If you want the B5 AdvProp weights, those are ported from tf, you want to use tf_efficientnet_b5_ap
for that.
And yeah, I should have a 'random initialization, weights not loaded' warning, I thought I had it, but looks like that was in the other one :)
Also beware, the AdvProp models use different normalization (Inception style) and not the same as the other models (ResNet style)
@rwightman - thanks a bunch for the clarification, as well as the pointer re: Inception style normalization! Re: 2-3 weeks with 2-3 gamer GPUs - I believe it! All the more reason I greatly appreciate the work you are doing with this repro! My impression has always been EfficientNets are a beast to train and you've confirmed it here. Upside is I'm seeing the best results with EffNets of any arch I tried on my current project so I'll be diving deep with EffNets for some time now.
re: "And yeah, I should have a 'random initialization, weights not loaded' warning, I thought I had it, but looks like that was in the other one :)" That would be awesome if you have time to add that just to help people from panicking like I did when I saw my results after the first two epochs lol.
Anyway I'll close this since there are no weights to preload and again, I greatly appreciate all the work you are doing on this repo!
Hi @rwightman, Thanks first for this awesome repo. I'm trying to use your impl to get the AP pre-trained B5, but it's quite clearly failing to load the pretrained weights though with neither an error nor a confirm the weights were loaded. Is this a known issue or am I doing something wrong? (edit - ok I re-read the readme and think I misunderstood that AP implemented meant with pretrained weights available...anyway, if so then passing preTrained=True where no weights exist should ideally print a warning or error?)

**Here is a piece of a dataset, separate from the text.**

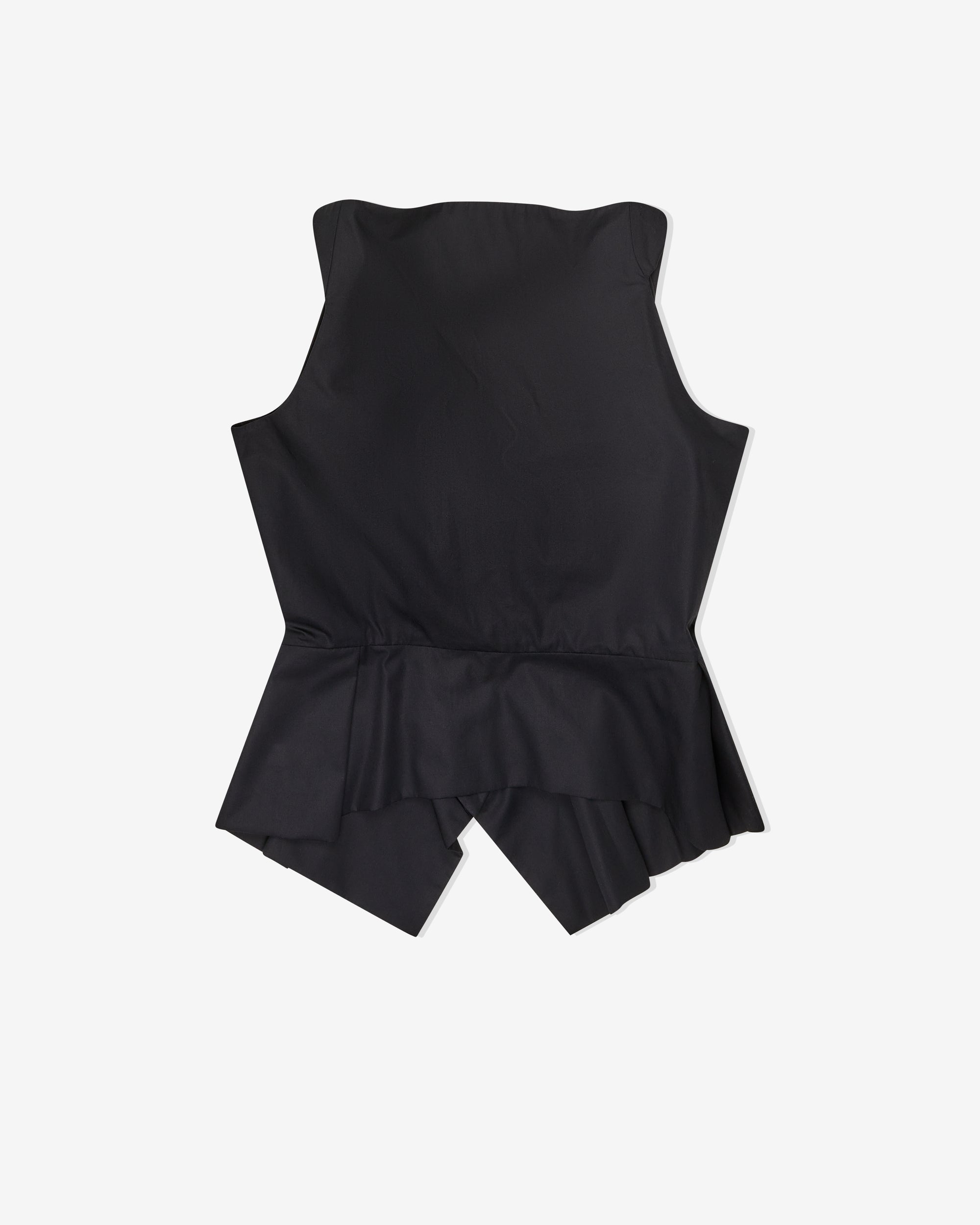 Archival silhouetteOrigami-like foldsButton front fasteningSweetheart necklineFitted bodicePleated waist extension100% CottonMade in Italy

1 - Installed via pip install geffnet 2 - Import geffnet 3 - model = geffnet.create_model('efficientnet_b5',num_classes = data.c,pretrained=True, drop_rate=0.2, drop_connect_rate=0.2)#, as_sequential=True) Normally I'm used to seeing a "loading .pth and the progress bar here on a new instance, or a confirmation of weights loaded. I did not see either but no error either. 4 - When you go to train it becomes abundantly clear that it's working with a new init network (i.e. first epoch close to random, then verrry slow training progress. By contrast a pre-trained digs right in.
If possible, it would be great to get a confirmation message like in Melas impl once weights are loaded: "Loaded pretrained weights for efficientnet-b5" or if not a warning that it's a new network if pretrained=True was passed in?
Thanks much! Less